In many ways, it’s a lot easier to focus on the “big picture” than on the various colors and utensils used to create that picture, whether the big picture is ideology or the Kingdom of God. (And I’m not suggesting they are the same! Relax.) Both allow us to lay back a little, confident that our vision of perfection (or almost-perfection) is the right one, while not getting too tied-up in the details or having to defend the processes or behaviors we’ve adopted to realize those visions.  We do this because we know that our instruments suck. They have to be tuned and practiced until we scream, dusted and tuned again. Some even require us to dump the spit out during rehearsal. This may explain why many Americans ultimately trust the liberal diagnosis and vision of a more equitable society but find themselves ashamed or unwilling to defend the instrument that’s been doing the heaviest lifting in this department for over 70 years.

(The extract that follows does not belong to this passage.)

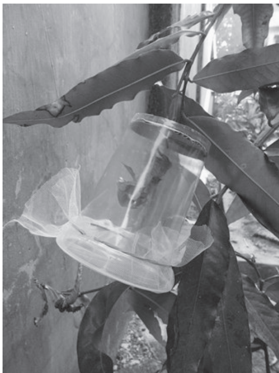
Fig. 1. Thrips cage used in studying the life cycle of Crotonothrips polyalthiae on Polyalthia longifolia .

as described above (Fig. 1). Ten 3-month old P. longifolia trees were used in this study and two cages were used on each tree. The cages were opened every 24 h to check the condition of the adults (alive or dead) and the presence of natural enemies and thrips larvae. Adult longevity was determined by counting the number of days from when the thrips were placed onto the leaves until they died. Dead adults were collected in a small vial with 70% ethanol for checking whether they were females or males under a microscope. Every newly formed larva was counted and recorded and then removed from the gall. Two weeks after both adults died, the number of unhatched eggs in each gall was counted under a dissecting microscope (50 to 100X). The percentage of hatching eggs was calculated using the following formula:

But the Gospel tells us that God blesses our instruments. This was revealed when God came to us as an instrument in Jesus Christ and beckoned us to use our instruments—our bodies, our tools, our minds, and our hearts—to not only name the hurt in our world but to work towards its demise, building and healing, feeding and transforming. God knows our instruments are imperfect. In the Presbyterian, Reformed tradition we even assert that Jesus himself was conditioned (and limited) by the socio-cultural presumptions of his time—Limited by his humanness! But God chose to be fully present in and through him anyway, revealing that wherever individuals and entire societies seriously seek to provide for the most vulnerable people and accept their lives as intricately woven in others, God is in the midst of them. Even in our dusty, out-of-tune instruments.